Instructions for the task >>
Would you transcribe each entry that follows word for word, minus the images?

------ Material for the task

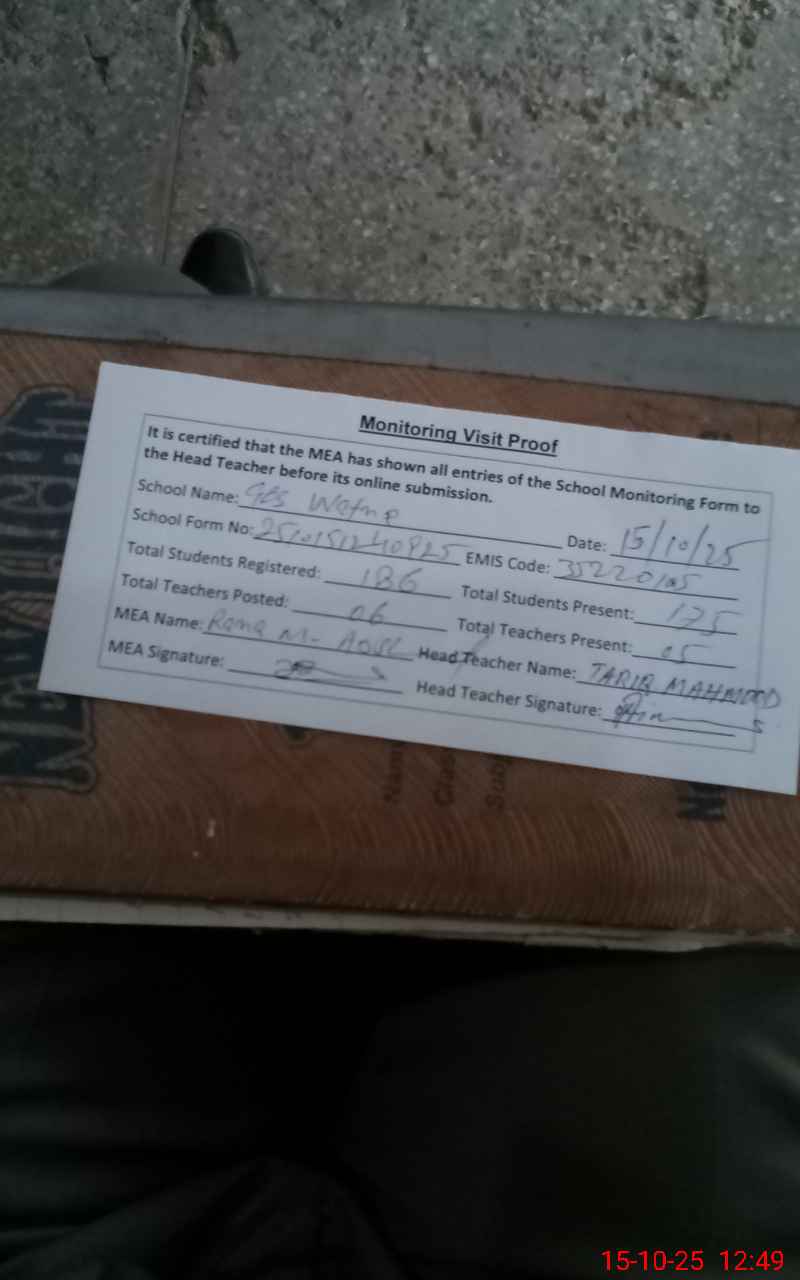 | Attendance Register | Head Teacher | MEA with School | Visit Proof |
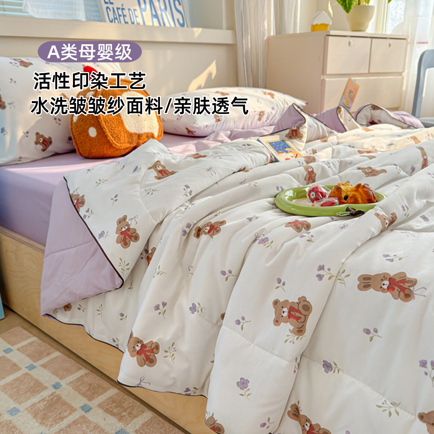 夏季夏凉被A类单双人儿童被空调被抗菌防螨水洗皱皱纱可水洗夏被
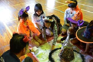 子どもたちは,思い思いの仮装をして,楽しんで活動していました。
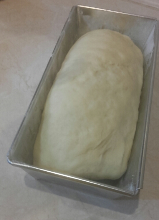 - Włożyć do wysmarowanej masłem i posypanej mąką keksówki (11x25cm) zawinięciem do dołu.
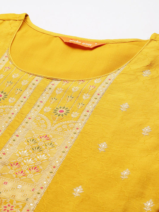 Dhiyona IE Ethnic Motifs Yoke Design Zari Kurta With Trousers & Dupatta
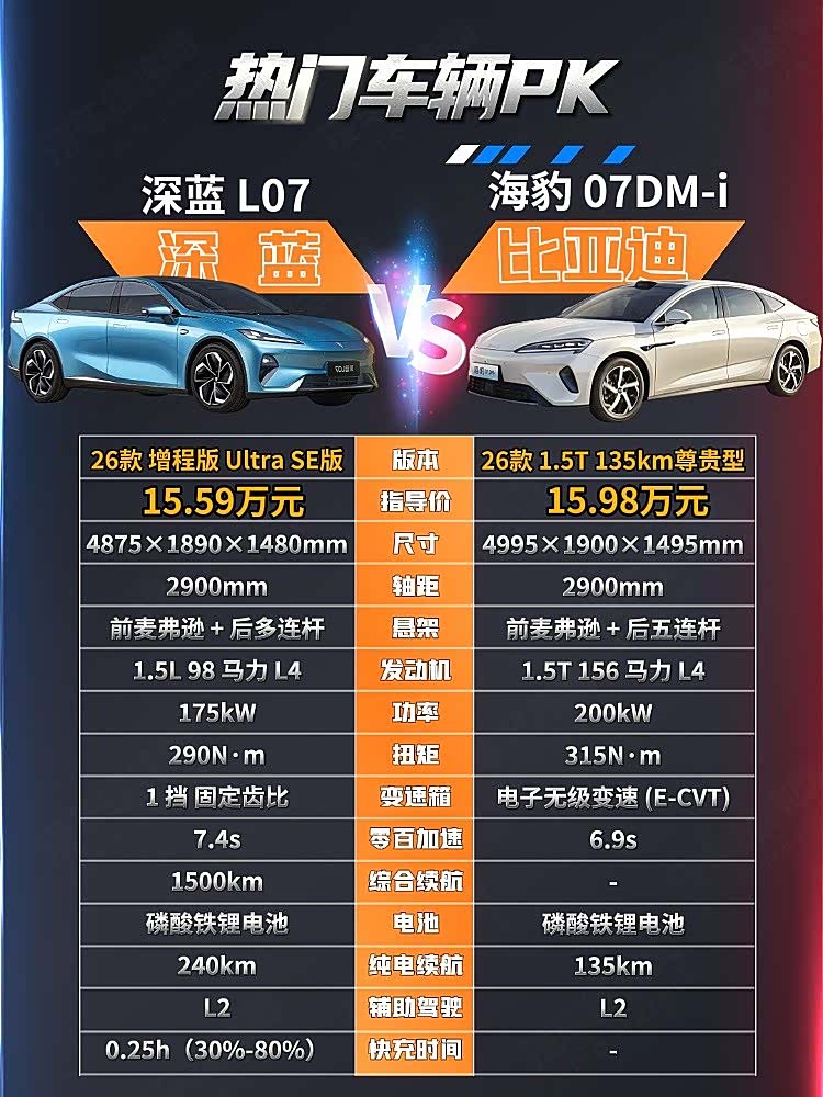 深蓝L07 2026款240Ultra华为乾崑ADS SE版售价为15.59万元,海豹07 DM-i 2026款1.5T 135km尊贵型售价为15.98万元,两者价格高度重合,分别给出了“科技平权”与“全面均衡”的不同解题思路,成为当下消费者在十五万元级区间难以绕开的选择,那么这两款车该怎么选呢?
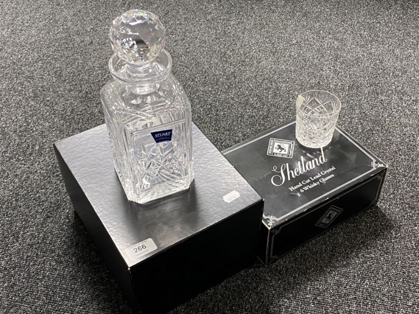 A box of Stewart Crystal whisky decanter, six boxed Edinburgh Crystal Shetland hand cut whisky glasses
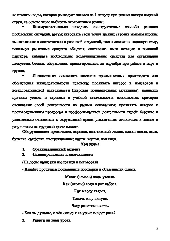 - Предметные: освоить основные понятия (водоканал, фильтрация, дезинфекция, резервуар, струемер, фильтр, ультрафиолетовые лучи); составлять рассказ о водоснабжении города; понимать важность существования воды в нашей жизни; называть способы очистки воды и способы экономного расходования воды; выполнять простейший фильтр из бумаги и пользоваться им; знать варианты применения воды; осознавать важность экономного расходования воды; проводить эксперимент по определению количества расходуемой воды при помощи струемера;

------------

Written answer >>
 | Attendance Register | Head Teacher | MEA with School | Visit Proof |
 夏季夏凉被A类单双人儿童被空调被抗菌防螨水洗皱皱纱可水洗夏被
 子どもたちは,思い思いの仮装をして,楽しんで活動していました。
 - Włożyć do wysmarowanej masłem i posypanej mąką keksówki (11x25cm) zawinięciem do dołu.
 Dhiyona IE Ethnic Motifs Yoke Design Zari Kurta With Trousers & Dupatta
 深蓝L07 2026款240Ultra华为乾崑ADS SE版售价为15.59万元,海豹07 DM-i 2026款1.5T 135km尊贵型售价为15.98万元,两者价格高度重合,分别给出了“科技平权”与“全面均衡”的不同解题思路,成为当下消费者在十五万元级区间难以绕开的选择,那么这两款车该怎么选呢?
 A box of Stewart Crystal whisky decanter, six boxed Edinburgh Crystal Shetland hand cut whisky glasses
 - Предметные: освоить основные понятия (водоканал, фильтрация, дезинфекция, резервуар, струемер, фильтр, ультрафиолетовые лучи); составлять рассказ о водоснабжении города; понимать важность существования воды в нашей жизни; называть способы очистки воды и способы экономного расходования воды; выполнять простейший фильтр из бумаги и пользоваться им; знать варианты применения воды; осознавать важность экономного расходования воды; проводить эксперимент по определению количества расходуемой воды при помощи струемера;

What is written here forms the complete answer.